The concept of the digital twin can be thought of as a virtual representation of a physical product, engineering system or facility. This paper presents the role of predictive engineering analytics, alongside operating data, in the digital twin. Using case studies, the authors demonstrate how predictive approaches can be developed to provide data where it cannot be measured and predict future operating data to improve performance, life and integrity of equipment, systems and facilities.
The digital twin is fundamentally based on data, larger datasets provide greater insight. Sensor and inspection data are critical. However, there are scenarios in which engineers require data where it cannot be measured or requires data that cannot be measured. Engineers require ways to extract this data, this can be done through predictive engineering analytics. Predictive engineering analytics, in the form of science-based simulations, combines multiple approaches, often based on fundamental principles of physics and engineering. This paper will demonstrate how high-fidelity approaches, such as Finite Element Analysis (FEA) and Computational Fluid Dynamics (CFD), combined with system-level simulation and reduced-order modelling can work together with field data to provide this data in real-time.
Two case studies presented show how combinations of different levels of science-based modelling approaches can help. A subsea thermal digital twin demonstrates how high-fidelity simulations, undertaken during system design, can be the foundation for reduced order system models capable of capturing critical thermal performance in real time; aiding hydrate risk management during operation. The methods used to train the real-time predictive approach are demonstrated. The second case presented focuses on structural integrity of a heat exchanger showing how real-time sensor data can be translated into structural integrity data and insight through simulation. The cases presented demonstrate the value of science-based predictions to generate data that cannot be obtained from operational sensor data alone. The authors aim to show how the predictive element of the digital twin can be first generated during design and evolved into real-time predictive approaches that provide operations with data that cannot be gained from sensors; when and where it is needed.
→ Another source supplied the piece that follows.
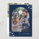 O moderno roteiro de na moda 2calliografia é o primeiro Natal junto com o Sr. e a Sra. Foto casamento, marinho azul de meia-noite com fotografia de arco, texto personalizado e flocos de neve brancos. Fácil de personalizar com duas fotos e texto em ambos os lados!

Digital twins typically use physical data, limiting operators of in-field equipment to make operational decisions based on information from sensor locations and historical data alone. This can limit assessment of operational performance and integrity of complex production and process systems. In this paper the authors aim to show how, by combining predictive approaches, at differing levels of fidelity and based on fundamental scientific principles, it is possible to generate the missing data required, in both space and time. This can inform and guide operations; filling the gaps where and when physical data is not available.